The US approves treatment of a deadly disease using CRISPR gene editing technology

The U.S. Food and Drug Administration (FDA) has approved two drugs for the treatment of sickle cell disease. This is stated in the message on the FDA website.

It is a painful and fatal disease that has not yet had a universal successful treatment. It affects about 100 thousand people in the United States alone. But now the FDA has taken an important step to fight the disease.

The FDA approved two gene therapies – Casgevy and Lyfgenia. Vertex Pharmaceuticals and Bluebird Bio Inc. received marketing authorizations for their use, respectively. Both drugs are made from the patient’s own modified blood stem cells and are approved for the treatment of people aged 12 years and older.

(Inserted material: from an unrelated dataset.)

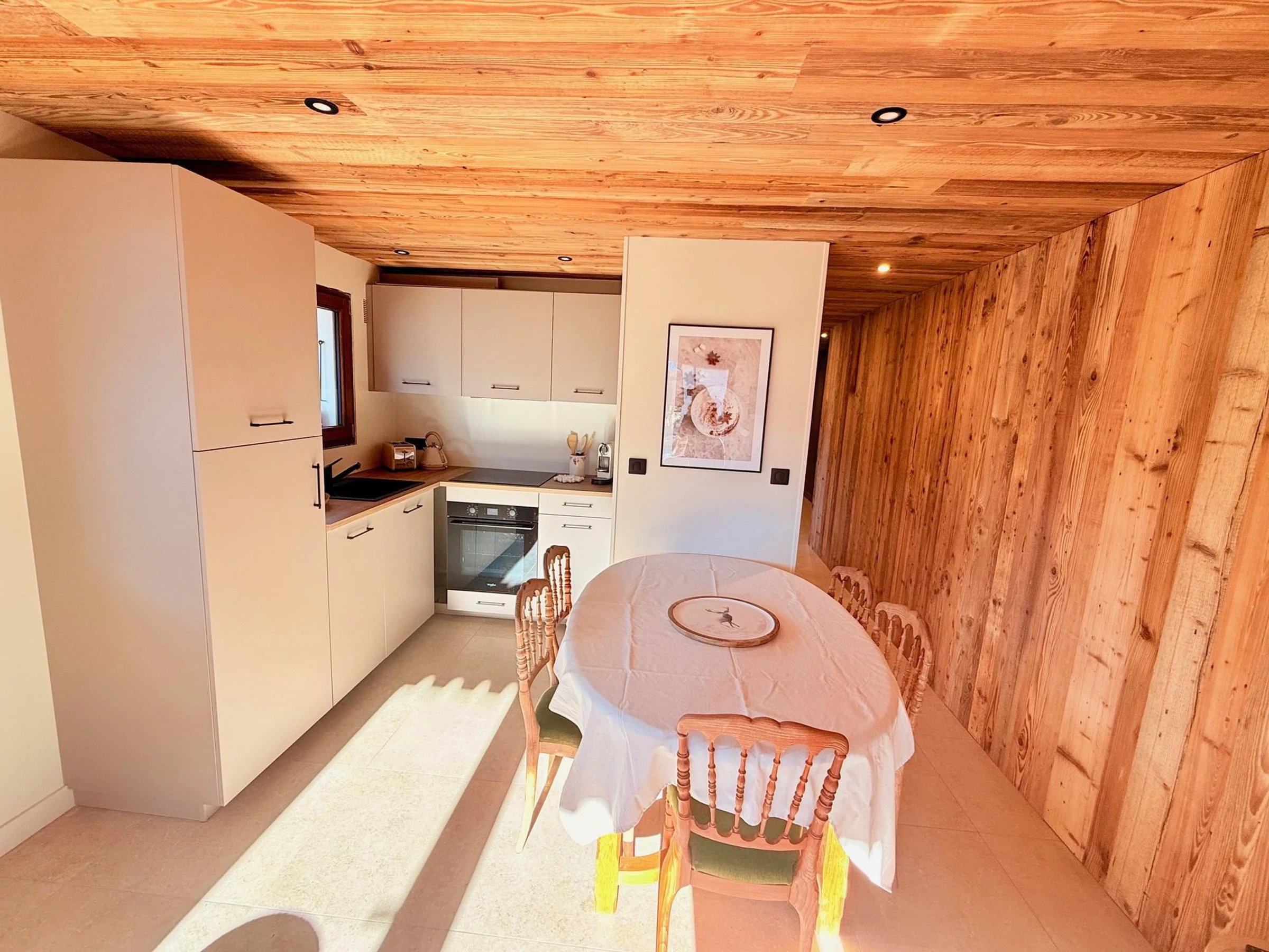 Entrée/Hall (9,28 m²) - Chambre 1 (9.28 m²) : 2 x2 lit superposés en 90cm, placards, fenêtre Est vue résidences - Chambre 2 (9.69 m²) : 1 lit 160 cm, placard - penderie, fenêtre Ouest vue montagnes- Salle de bain (3.82 m²) : baignoire, lavabo, miroir, radiateur sèche-serviettes et lave-linge - WC - Séjour (15.67 m²) : Coin repas avec table et chaises pour 6 - Coin salon avec canapé, assises, table basse, télévision, baie vitrée + porte-fenêtre accès terrasse sud et balcon Ouest, vue massif de l'Etale et Beauregard - Coin cuisine semi-ouverte (3.02 m²) : réfrigérateur avec partir freezer, évier, cuisinière Trio avec four, plaques de cuisson et lave-vaisselle, machine à café Nespresso, bouilloire, grille-pain, appareil à raclette, appareil à fondue.

However, Casgevy’s peculiarity is that it is the first drug based on CRISPR technology for gene editing. The FDA notes that this indicates innovative progress in the field of gene therapy.

“Today’s actions follow rigorous evaluations of the scientific and clinical data needed to support approval, reflecting the FDA’s commitment to facilitating development of safe and effective treatments for conditions with severe impacts on human health,” the Department said in a statement.

Recently, it was reported that the US is considering the possibility of approving a therapy based on CRISPR technology. Thanks to it, genetic changes are made in stem cells and then “returned” to the patient.